Discovery Conference Coverage: Issues Ahead For CU Auto Lending?

MADISON, Wis.—While credit unions are enjoying record auto loan growth, there are warning signs in the data that suggest tougher times could be ahead—if CUs don’t take the proper steps.

Susan Hochsprung

Susan Hochsprung, VP of sales at CUNA Mutual Group, told attendees at the company’s Discovery Conference that the record growth CUs are enjoying is masking a decline in the percentage of PFI members taking car loans from credit unions.

As credit union auto loans in dollars and numbers are growing, and they are claiming a record share of the market, growing share at a pace much faster than the banks, much of that is due to the indirect channel, she noted.

“The percentage of PFI members with an auto loan is actually shrinking,” said Hochsprung, noting that the percentage of PFI members with an auto loan at credit unions dropped by three percentage points in the last two years. “Credit unions are making more loans to non-PFI members.”

‘Complex Story’

Hochsprung called it a complex story hidden in the data and masked by CUs’ 14.8% annual auto loan growth rate—almost double the growth rate of banks. But, again, she pointed out most of that growth is via indirect, and when comparing bank and CU direct loan numbers there is not a big gap.

She added that credit union direct loan growth is plateauing, and is projected to decline in the coming years. “Our research projects that by 2021, 61% of all credit union auto lending will come from the indirect channel,” she said.

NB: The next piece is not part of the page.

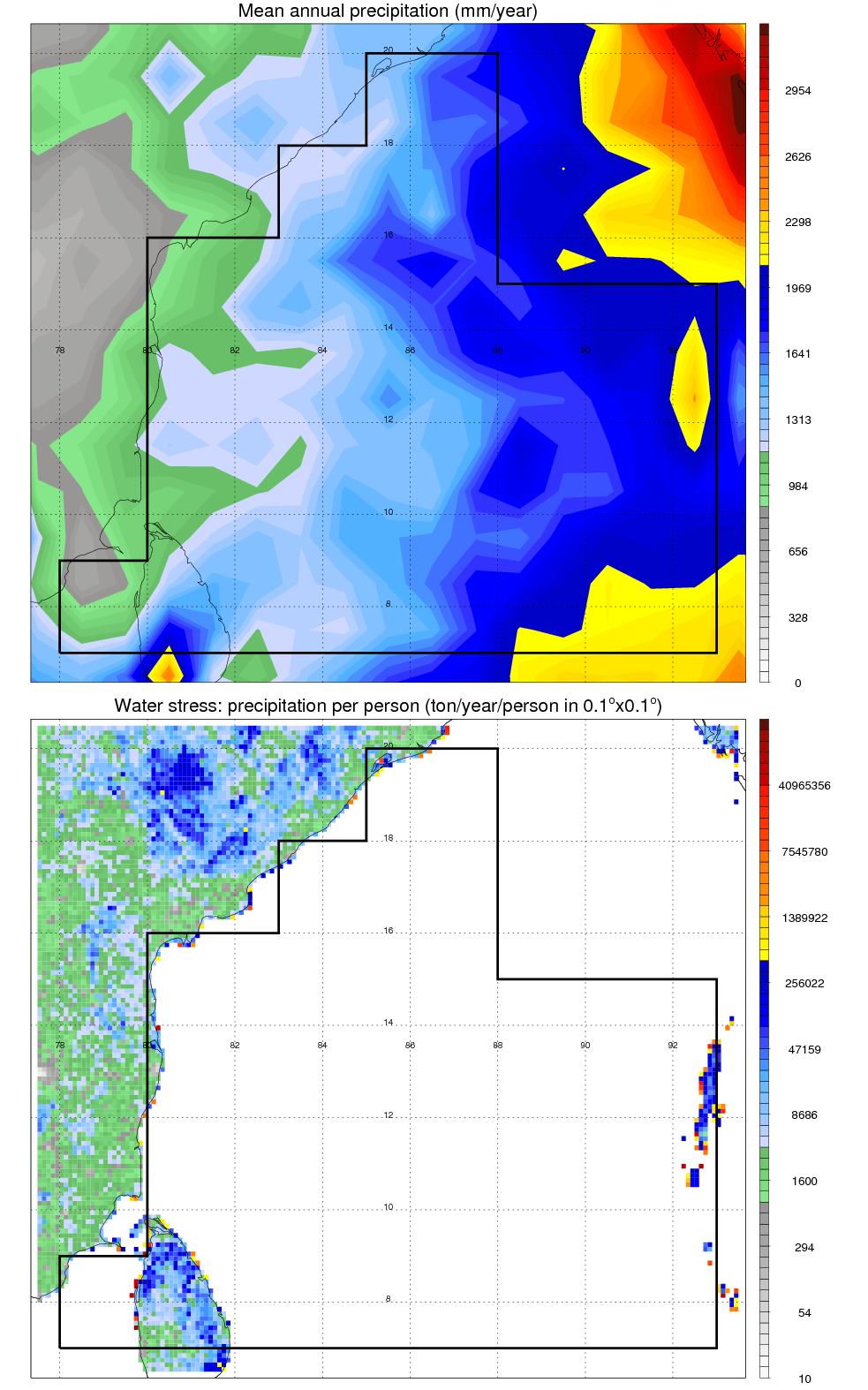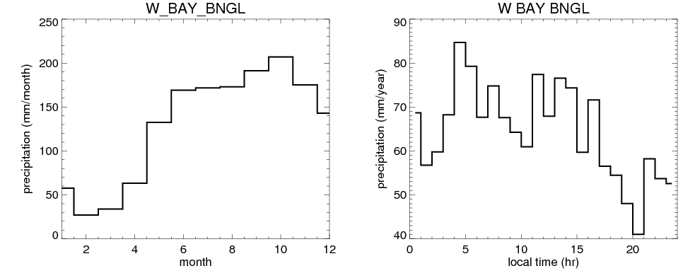 Over W_BAY_BNGL , mean annual precipitation are estimated with 1544.5 (mm/year) from precipitation radar, and 1379.5 (mm/year) from microwave radiometer observations. (see high resolution precipitation product , NOTE: it may take long time to generate for large area) In total, thunderstorms (systems with detected lightning flashes) contribute 40 %, MCSs (Mesoscale convective systems with raining area > 2000 km^2) contribute 75 % of all precipitation. Seasonal and diurnal variations of rainfall over W_BAY_BNGL are shown in following figure. You may check the details of rainfall contributions from precipitation systems with different sizes and intensities in various seasons and at different local times. |

Hochsprung said the real concern is that credit unions are losing share of wallet with their most important, loyal members. She said this is also concerning as new car sales slow, and a recession is forecast by economists within the next two years.

Hochsprung emphasized that credit unions should pay attention to this issue, as PFI members begin to choose others for their financial services. This is “silent churn” many credit unions do not see, she said.

“Silent churn is when other financial institutions, and fintechs, begin to steal your PFI members’ business. Maybe they still have a checking account with you, but what about the auto loan or credit card?” Hochsprung said.

The major reason CUs are losing PFI auto loans is that banks and other lenders are out-marketing them, said Hochsprung.

“Our research found that if credit union members receive four auto loan offers, three of them are from someone other than the credit union,” she said. “So credit unions are being out-marketed by four to one.”

What CUs need to do is step up their marketing to members, but also employ strong analytics, Hochsprung said. She emphasized that credit unions should dig into their data to identify PFIs and monitor their activity not only to look for signs they may be accepting another auto loan offer, but to choose the right time to approach them with a vehicle loan.

“The offers have to be relevant, at the time members need them,” Hochsprung said, emphasizing the importance of predictive analytics.